EXERCISE DESCRIPTION
Below are records with pictures. Transcribe exactly, and only, the lines from the line with "A clown with" to the line with "プリズムが特定の位置で光を受", both ends included, but not the pictures.

*** Opening RECORDS SUPPLIED ***

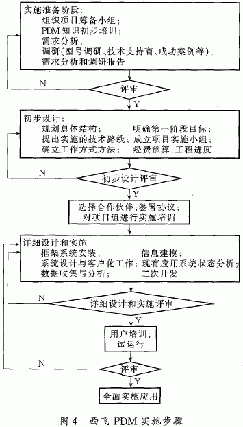 通常,PDM系统实施包括组建队伍、需求分析、系统设计、详细设计、二次开发、安装与装置、人员培训以及试运行等步骤。根据实际情况,这些步骤也可以有所变动。图4简要地描述了西飞的PDM实施步骤。
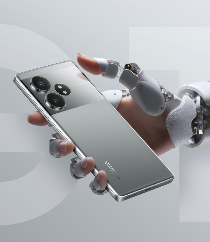 El típico Realme GT 'cristal de ventana' envolvente se desvanece literalmente en el fondo en esta iteración, mezclándose con un panel trasero de una textura que, a pesar de sus mejoras reportadas, parece resbaladizo incluso en el agarre del ciborg modelo de mano visto en la nueva imagen promocional filtrada de Digital Chat Station.
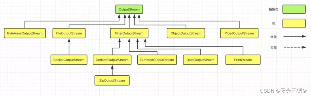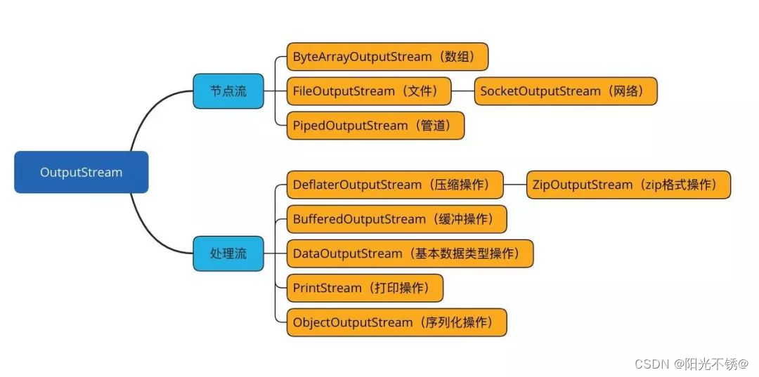 输出流根据数据节点类型和处理方式,也分别可以划分出了若干个子类,如下图:
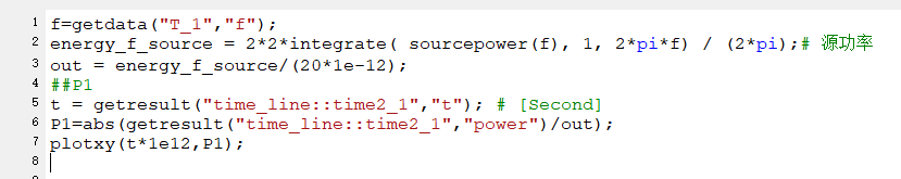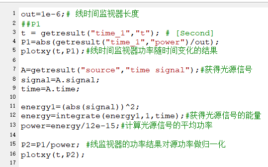 我觉得应该计算输入的自定义信号的平均功率,上述自定义信号的长度为20ps,在No Normalization设置下,根据下述三行程序计算输出端口的平均功率,
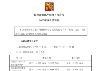 鳳凰網(wǎng)-陽光股份2020年度業(yè)績預(yù)告扭虧為盈 現(xiàn)任管理層順利“交卷”
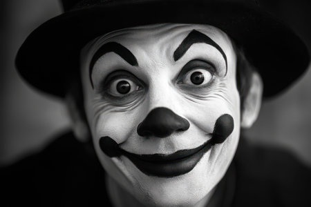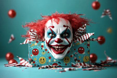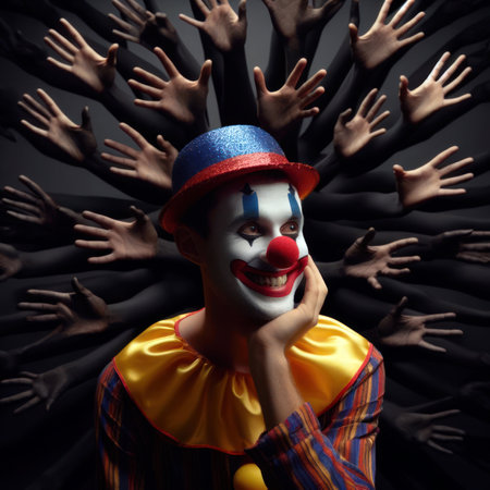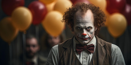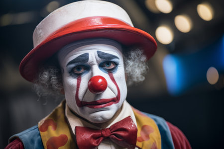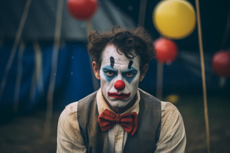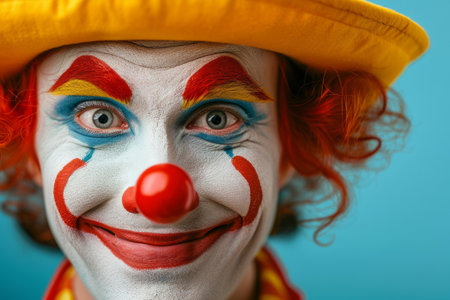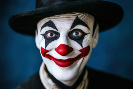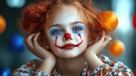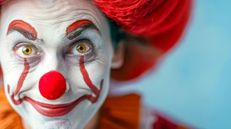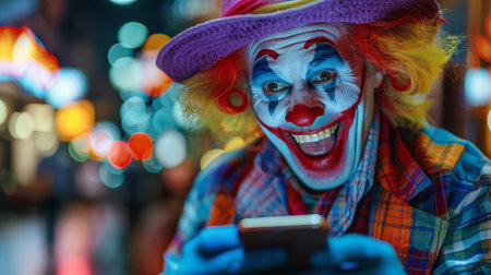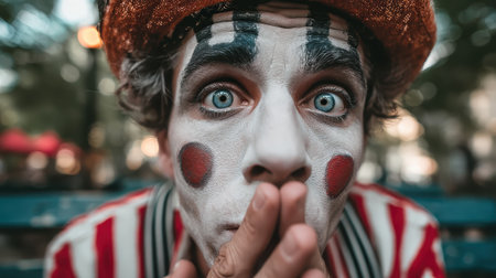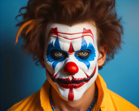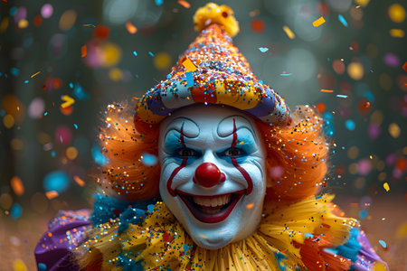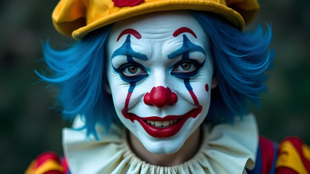 A clown with vibrant clown makeup and a colorful hat is depicted in this scene. The clowns face is adorned with exaggerated features and bright colors, symbolizing the traditional characteristics of a clown.
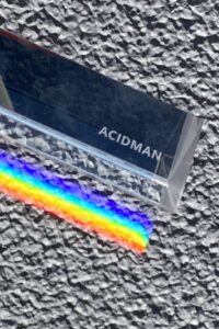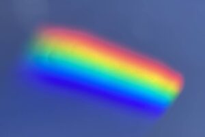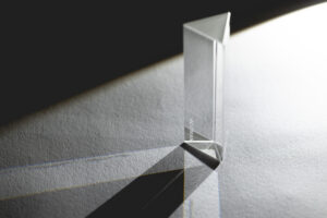 プリズムが特定の位置で光を受けると、光の波長の角度が変わり鮮やかな虹色が現れます。
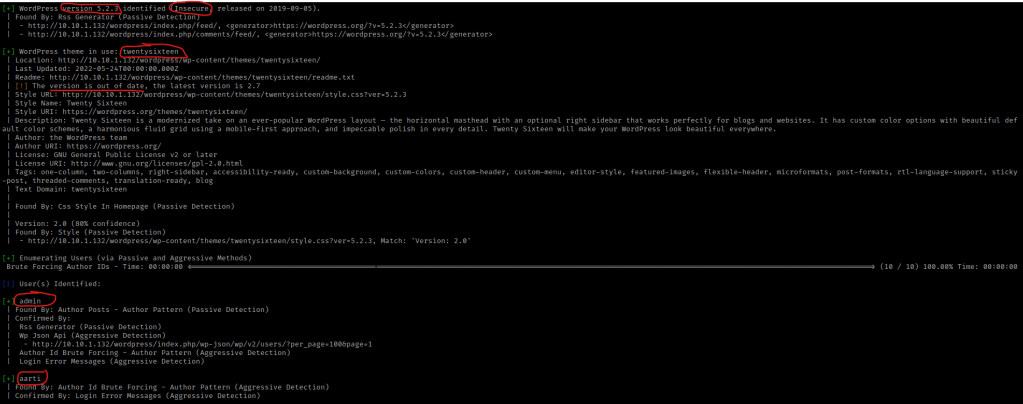 From here I used a wordpress scan to try and enumerate more using the command wpscan --url http://$IP:80/wordpress/ --enumerate p --enumerate t --enumerate u -v. The “p” specifies plugins, “t” specifies themes, and “u” specifies users. This brings back the users admin and aarti, the theme “twentysixteen”, WP-Cron, and that the version of WordPress being used is 5.2.3 (and that it is insecure).
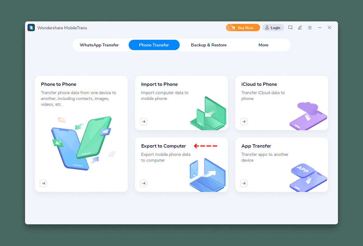 3. Выберите вкладку «Phone transfer» в главном меню сверху.
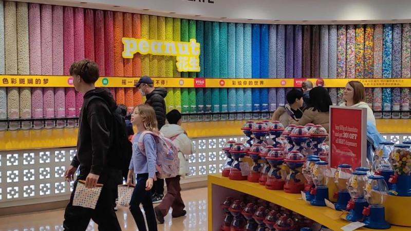 在南京路上的第一食品商店,大白兔奶糖、汪裕泰茶叶、石库门黄酒都是老外喜欢的“老字号”伴手礼。同样搭上这波消费热潮的还有各种新“国货”品牌。
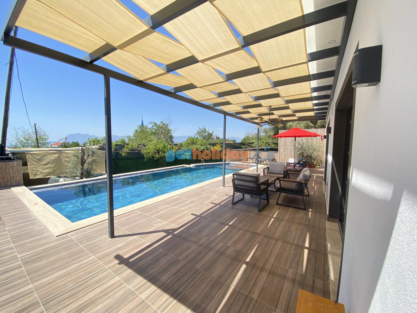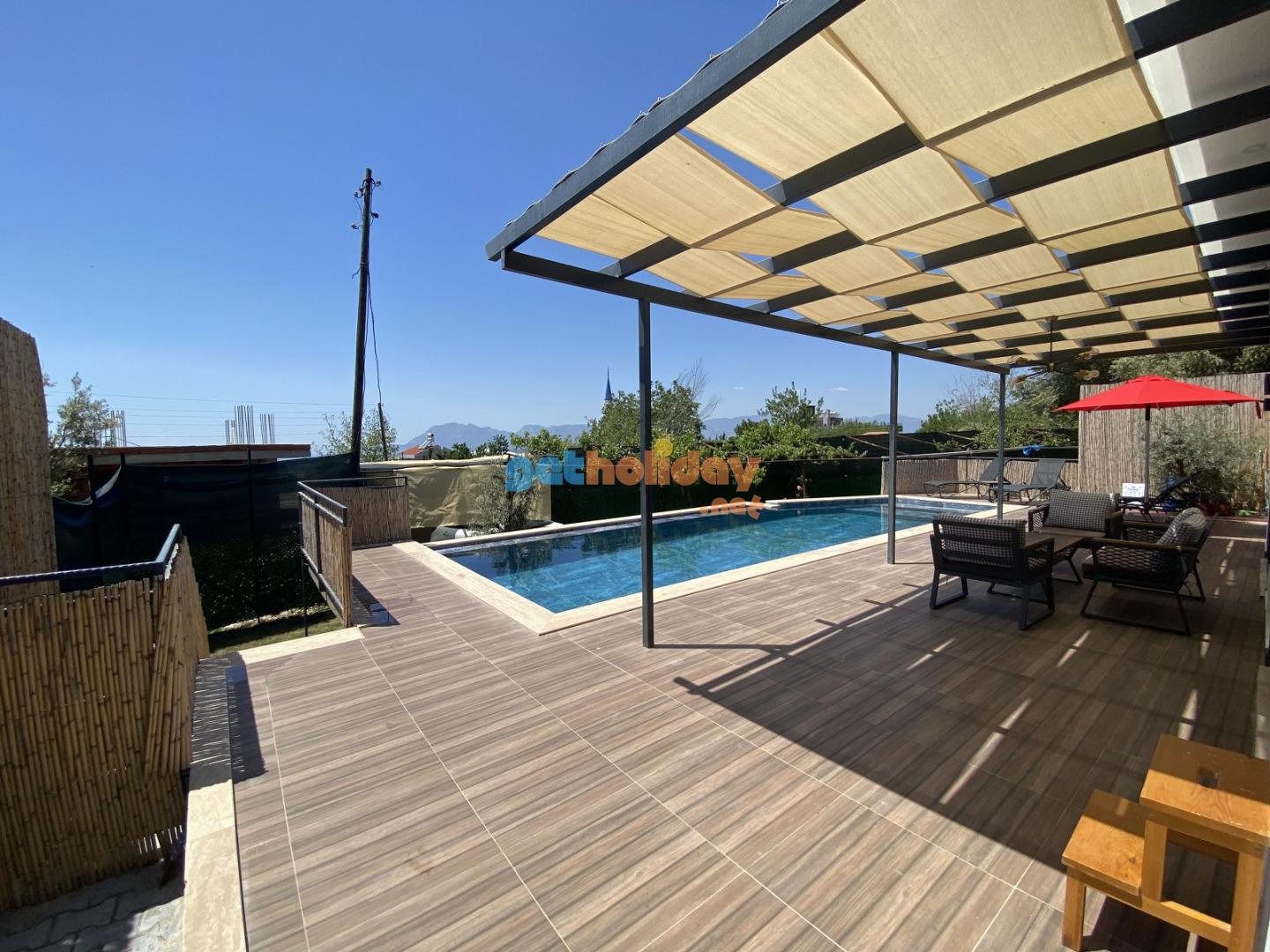 Kalkan Üzümlü bölgesinde doğa manzarasına 2 Yatak Odalı 4 Kişilik Özel Yüzme Havuzlu Muhafazakar Kiralık villamız 2021 yılında tamamlanmış olup yeni ve modern bir villamızdır. Balayı çiftleri ve çocuklu aileler için geniş havuz terasında ve geniş bahçe alanında sessiz ve sakin rahat bir tatil arzulayan misafirlerimiz için bu villa seçeneğimiz son derece yerinde bir karar olacaktır.
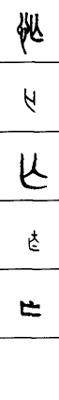 从上到下依次是小篆、甲骨文、金文、古玺及战国文字、缪篆及汉代文字、鸟虫篆。

*** Closing RECORDS SUPPLIED ***

EXERCISE SOLUTION
 A clown with vibrant clown makeup and a colorful hat is depicted in this scene. The clowns face is adorned with exaggerated features and bright colors, symbolizing the traditional characteristics of a clown.
 プリズムが特定の位置で光を受けると、光の波長の角度が変わり鮮やかな虹色が現れます。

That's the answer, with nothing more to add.